Exercise directions:
Set down the data again exactly. Pictures are not part of the copy.
Top of Provided material
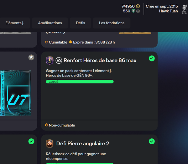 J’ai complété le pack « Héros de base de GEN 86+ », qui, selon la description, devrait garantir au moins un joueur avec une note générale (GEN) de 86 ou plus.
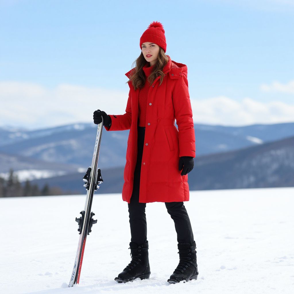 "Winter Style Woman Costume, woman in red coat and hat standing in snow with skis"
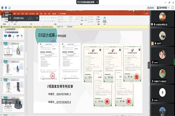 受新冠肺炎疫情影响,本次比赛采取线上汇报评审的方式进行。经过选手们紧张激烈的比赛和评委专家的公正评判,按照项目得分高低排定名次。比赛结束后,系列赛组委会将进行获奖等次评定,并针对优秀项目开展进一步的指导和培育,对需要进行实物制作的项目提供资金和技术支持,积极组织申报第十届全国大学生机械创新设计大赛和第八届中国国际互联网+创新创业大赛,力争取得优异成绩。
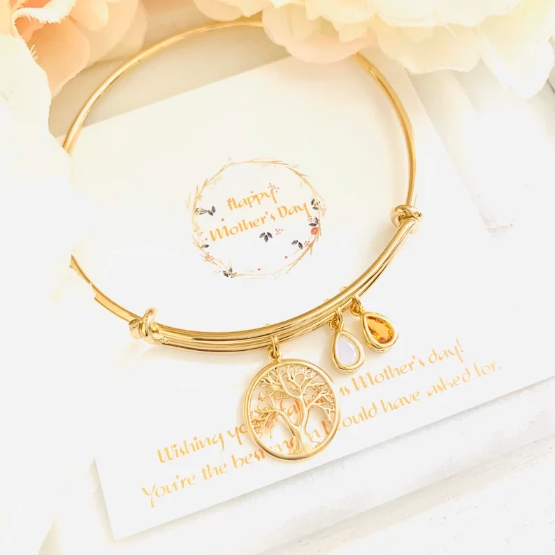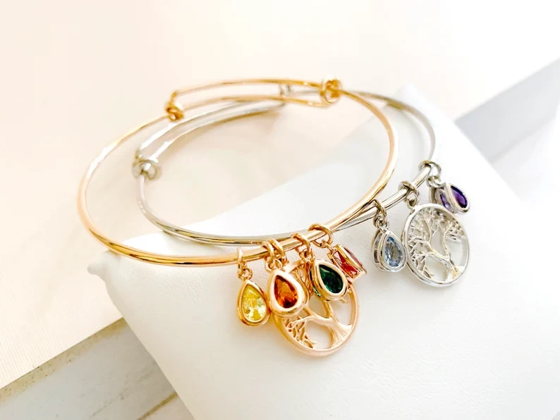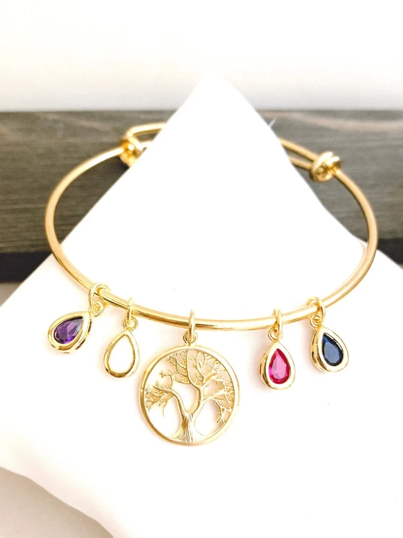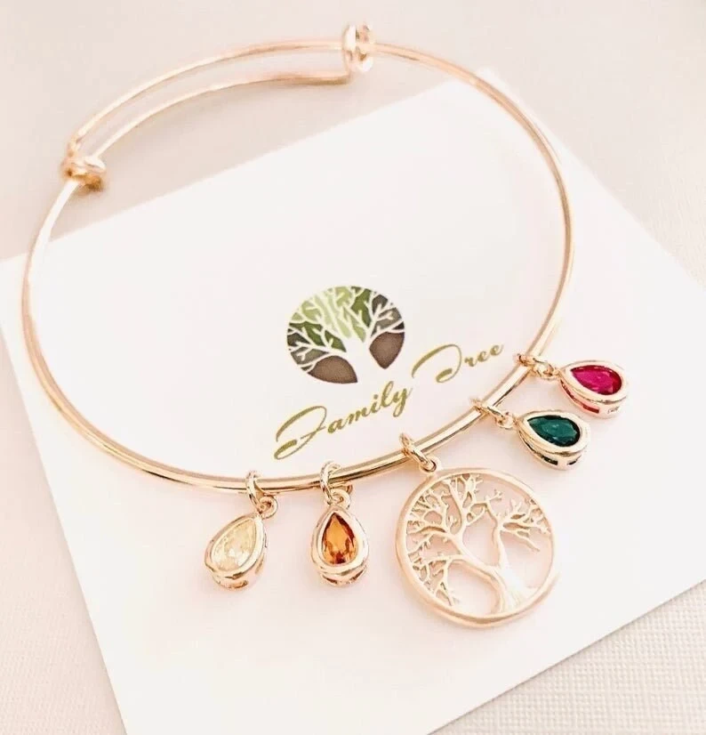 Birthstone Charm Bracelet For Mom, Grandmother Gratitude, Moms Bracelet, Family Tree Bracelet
Bottom of Provided material
Solution for this task:
 J’ai complété le pack « Héros de base de GEN 86+ », qui, selon la description, devrait garantir au moins un joueur avec une note générale (GEN) de 86 ou plus.
 "Winter Style Woman Costume, woman in red coat and hat standing in snow with skis"
 受新冠肺炎疫情影响,本次比赛采取线上汇报评审的方式进行。经过选手们紧张激烈的比赛和评委专家的公正评判,按照项目得分高低排定名次。比赛结束后,系列赛组委会将进行获奖等次评定,并针对优秀项目开展进一步的指导和培育,对需要进行实物制作的项目提供资金和技术支持,积极组织申报第十届全国大学生机械创新设计大赛和第八届中国国际互联网+创新创业大赛,力争取得优异成绩。
 Birthstone Charm Bracelet For Mom, Grandmother Gratitude, Moms Bracelet, Family Tree Bracelet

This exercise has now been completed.